## Goal of the exercise:
Your reply should contain the whole listing below, repeated exactly, and no images.

## Data provided:
>>>
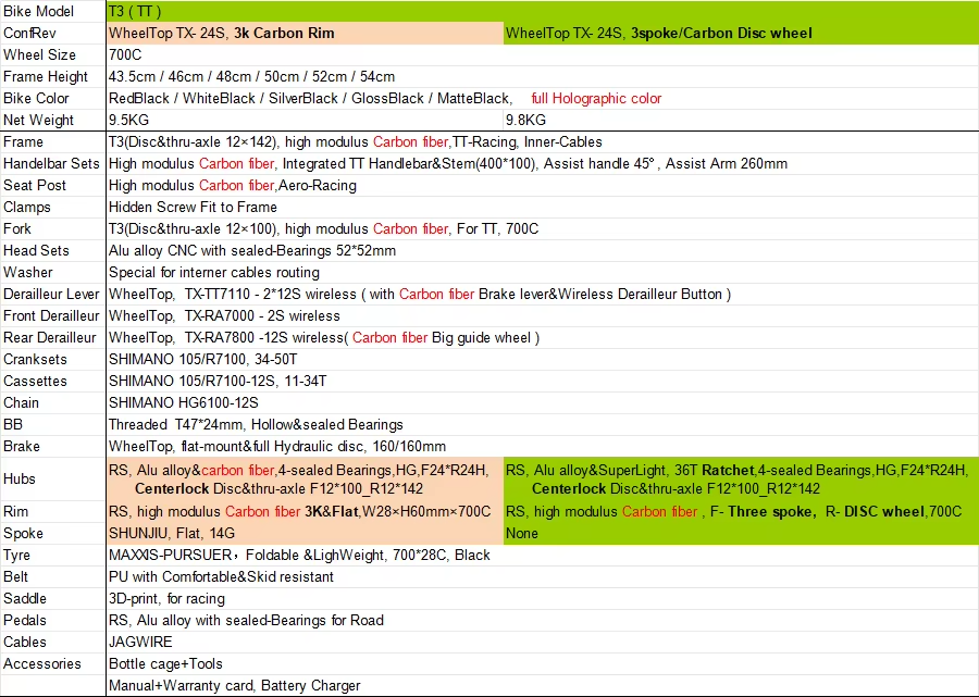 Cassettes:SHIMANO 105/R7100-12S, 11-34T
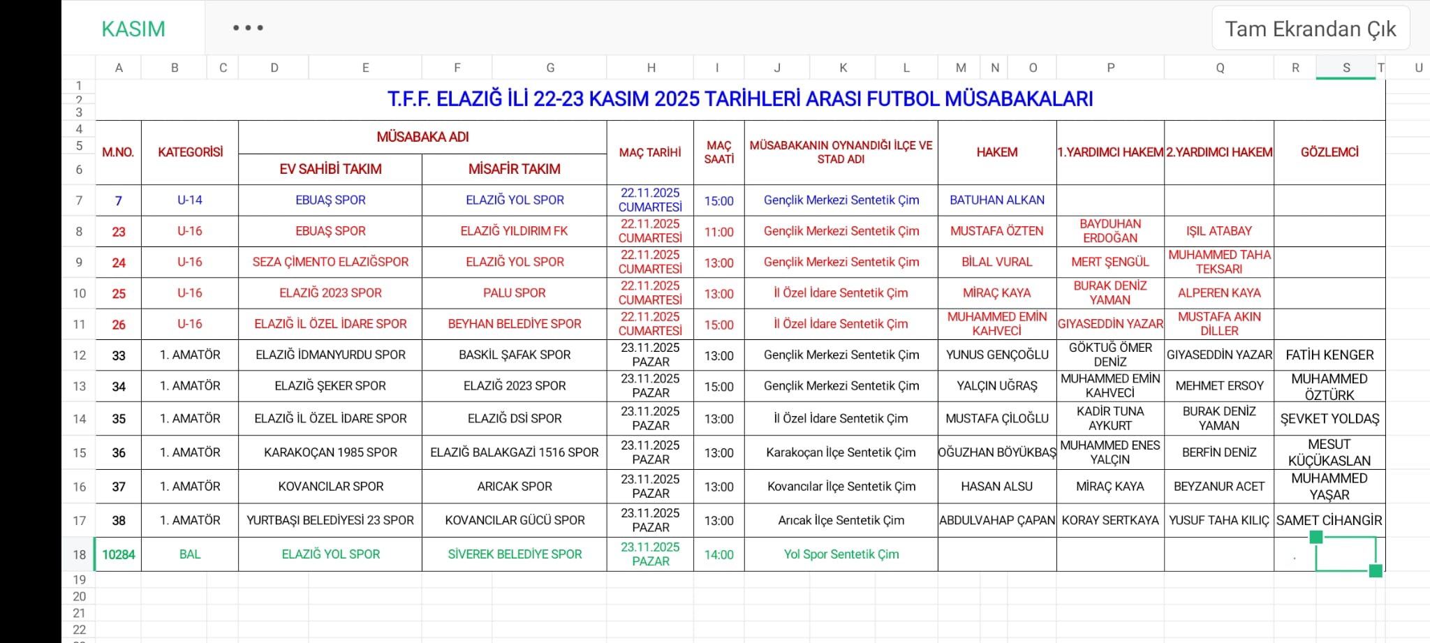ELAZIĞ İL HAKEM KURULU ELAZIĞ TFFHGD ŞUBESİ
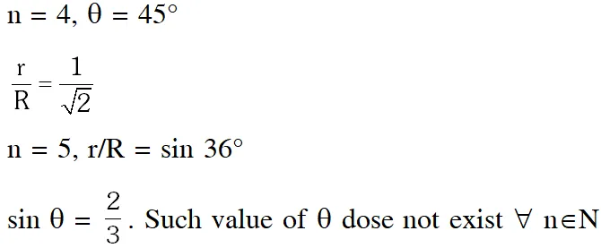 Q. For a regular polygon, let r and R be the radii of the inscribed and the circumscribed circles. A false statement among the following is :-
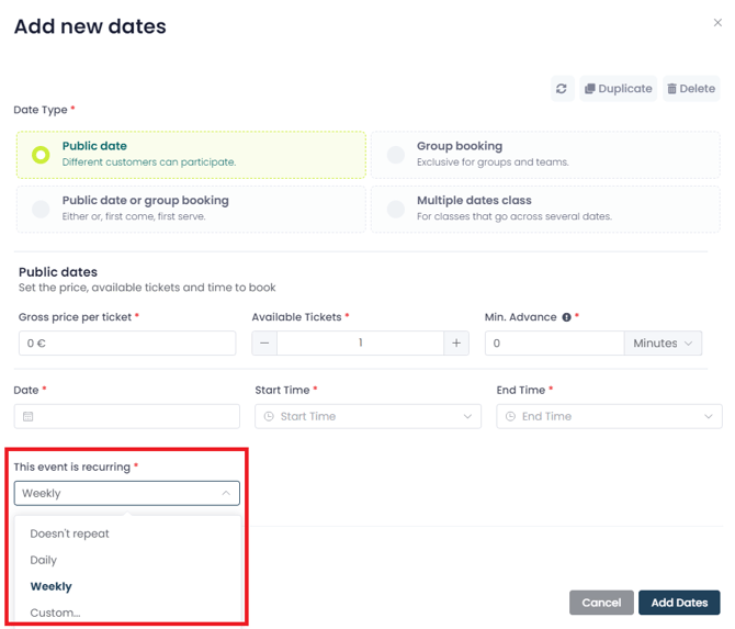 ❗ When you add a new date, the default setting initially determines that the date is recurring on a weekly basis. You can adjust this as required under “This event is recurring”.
<<<
## Result of this exercise:
 Cassettes:SHIMANO 105/R7100-12S, 11-34T
ELAZIĞ İL HAKEM KURULU ELAZIĞ TFFHGD ŞUBESİ
 Q. For a regular polygon, let r and R be the radii of the inscribed and the circumscribed circles. A false statement among the following is :-
 ❗ When you add a new date, the default setting initially determines that the date is recurring on a weekly basis. You can adjust this as required under “This event is recurring”.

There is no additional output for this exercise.